Material for the task:
◇ ◇ ◇ ◇ ◇

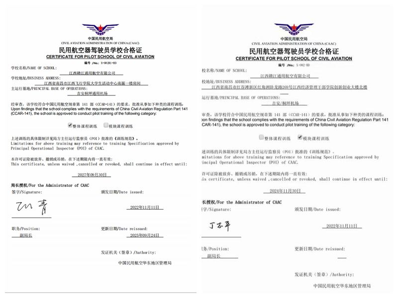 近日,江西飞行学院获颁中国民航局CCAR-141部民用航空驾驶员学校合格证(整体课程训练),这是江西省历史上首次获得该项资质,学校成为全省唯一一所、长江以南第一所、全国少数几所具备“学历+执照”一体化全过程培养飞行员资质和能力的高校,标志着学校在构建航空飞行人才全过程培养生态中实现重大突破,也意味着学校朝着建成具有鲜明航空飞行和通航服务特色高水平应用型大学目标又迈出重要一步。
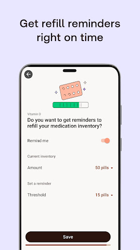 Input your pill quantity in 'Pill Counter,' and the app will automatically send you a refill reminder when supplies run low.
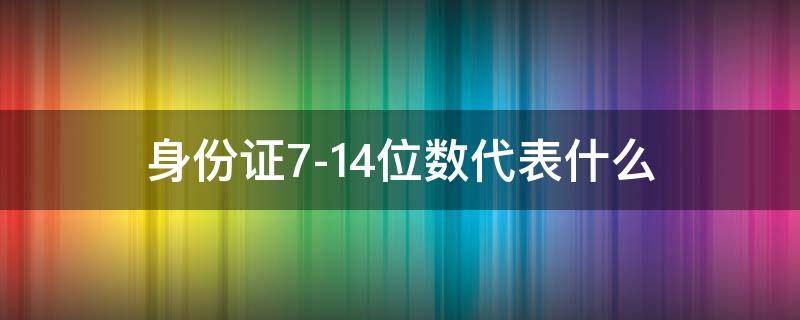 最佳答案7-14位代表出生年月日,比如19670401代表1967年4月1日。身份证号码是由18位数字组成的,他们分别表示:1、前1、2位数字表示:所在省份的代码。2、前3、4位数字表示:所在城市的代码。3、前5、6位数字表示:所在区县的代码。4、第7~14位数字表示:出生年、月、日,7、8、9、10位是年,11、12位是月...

◇ ◇ ◇ ◇ ◇

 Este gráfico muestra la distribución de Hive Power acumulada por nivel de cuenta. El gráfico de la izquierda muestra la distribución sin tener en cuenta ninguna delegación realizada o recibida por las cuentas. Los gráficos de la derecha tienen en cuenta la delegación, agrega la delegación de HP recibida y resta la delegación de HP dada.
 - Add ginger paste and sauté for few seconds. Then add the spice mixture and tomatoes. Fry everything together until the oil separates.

◇ ◇ ◇ ◇ ◇

Using the listing above, restate exactly the range between the lines holding "近日,江西飞行学院获颁中国民" and "最佳答案7-14位代表出生年", inclusive, with pictures left out.

Response area:
 近日,江西飞行学院获颁中国民航局CCAR-141部民用航空驾驶员学校合格证(整体课程训练),这是江西省历史上首次获得该项资质,学校成为全省唯一一所、长江以南第一所、全国少数几所具备“学历+执照”一体化全过程培养飞行员资质和能力的高校,标志着学校在构建航空飞行人才全过程培养生态中实现重大突破,也意味着学校朝着建成具有鲜明航空飞行和通航服务特色高水平应用型大学目标又迈出重要一步。
 Input your pill quantity in 'Pill Counter,' and the app will automatically send you a refill reminder when supplies run low.
 最佳答案7-14位代表出生年月日,比如19670401代表1967年4月1日。身份证号码是由18位数字组成的,他们分别表示:1、前1、2位数字表示:所在省份的代码。2、前3、4位数字表示:所在城市的代码。3、前5、6位数字表示:所在区县的代码。4、第7~14位数字表示:出生年、月、日,7、8、9、10位是年,11、12位是月...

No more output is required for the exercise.